Norrie May Welby Maschile, femminile e neutro: come i generi che si usano per studiare il latino a scuola. Ora però servono a definire legalmente il genere delle persone in Australia. Norrie May Welby, 52 anni, nato maschio in Scozia, emigrato a Sydney a sette anni con i genitori, diventato donna con un'operazione chirurgica e poi né l'uno né l'altro in seguito all'interruzione di una cura di ormoni, adesso è stato riconosciuto ufficialmente come appartenente al terzo sesso. Il verdetto della Corte Suprema australiana, viene salutato dalle associazioni transgeder e dai gruppi per i diritti civili come un fondamentale passo avanti per la difesa delle minoranze sessuali. "La gente dovrebbe venire riconosciuta per quello che è e poter partecipare alla vita sociale fuori da etichette e discriminazioni", è stato il suo primo commento secondo quanto riporta il quotidiano The Australian. Norrie si batteva da anni per non essere identificato né come maschio né come femmina. E per questo è diventato in tutto il mondo un simbolo del "terzo sesso".

Non si era mai sentito a suo agio nei panni di un uomo. Tuttavia, dopo l'intervento per cambiare sesso, non era stato bene neanche in quelli di una donna. A quel punto ha smesso di fare le cure di ormoni femminili che gli erano state prescritte e si è sottoposto a una nuova operazione per "non avere alcun genere sessuale predefinito". Da quel momento si definisce sessualmente come "neutro". L'Ufficio dell'Anagrafe di stato si era però opposto a catalogarlo come tale, o meglio come "non specifico", nella casella corrispondente al sesso sui documenti e nelle altre necessarie registrazioni previste dalla legge, nonostante il fatto che qualche anno fa l'Australia avesse emesso su richiesta di un suo cittadino il primo passaporto ad una persona dal sesso indeterminato su cui figurava un X al posto della dicitura "maschio" o "femmina". In un primo momento l'Anagrafe gli aveva rilasciato un certificato in cui il suo sesso risultava "non precisato", ma successivamente lo aveva annullato dopo aver ricevuto una consulenza legale secondo cui tale documento non poteva essere ritenuto valido.
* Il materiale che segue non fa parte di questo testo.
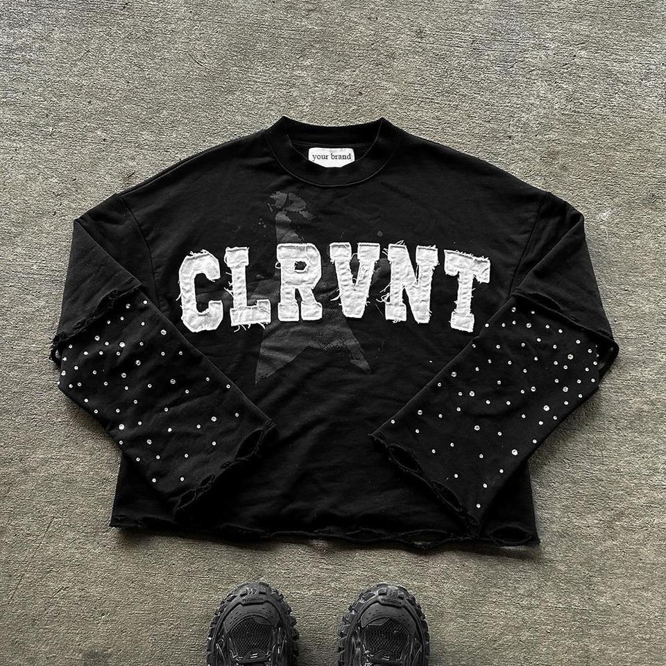 T-shirt personnalisé à manches longues avec double couche de strass Broderie en détresse T-shirt surdimensionné à double manches avec strass délavé au soleil pour hommes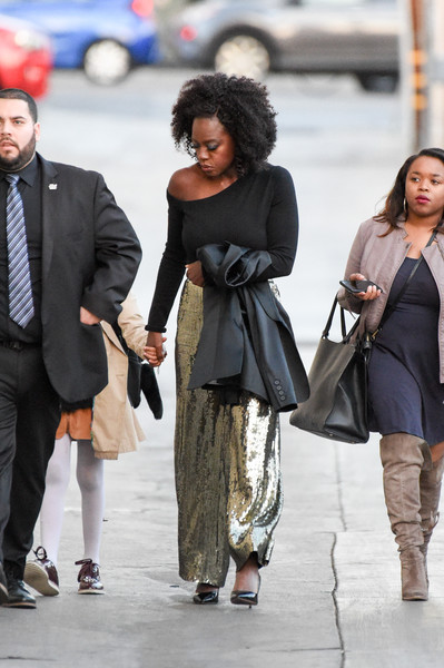 Sequins are everywhere at the moment and I am very much on board with this trend. At Jimmy Kimmel Live! Viola Davis leans into this with a pair of gold sequined pants; everything about this look is fantastic.

Norrie ha allora fatto causa all'Anagrafe e il caso è finito fino al più importante organo giudiziario nazionale. Sulla base della decisione originale riguardante il passaporto con la X, l'Alta Corte ha stabilito che la legge australiana riconosce che le persone possano non essere né uomini né donne e vengano dunque identificate come "neutre" riguardo alla loro sessualità. "L'Alta corte è il più alto tribunale che abbiamo e ha riconosciuto in modo molto chiaro che nella nostra comunità vi sono persone con identità di genere non binaria, che hanno diritto di essere riconosciute legalmente", commenta Sam Rutheford dell'organizzazione "A Gender Agenda"

. Per le associazioni transgender e intersex si tratta di una svolta storica. Quella di Norrie, osservano, non è una stravagante eccezione: gli androgini sono molto più numerosi di quanto si creda, un individuo ogni duemila nasce non completamente maschio né completamente femmina dal punto di vista sessuale. Nell'antichità, in particolare in certe culture orientali, gli ermafroditi erano una minoranza diffusa e accettata più di oggi, ma ora la situazione si sta evolvendo con il riconoscimento di nuovi diritti per chi si riconosce in questa identità.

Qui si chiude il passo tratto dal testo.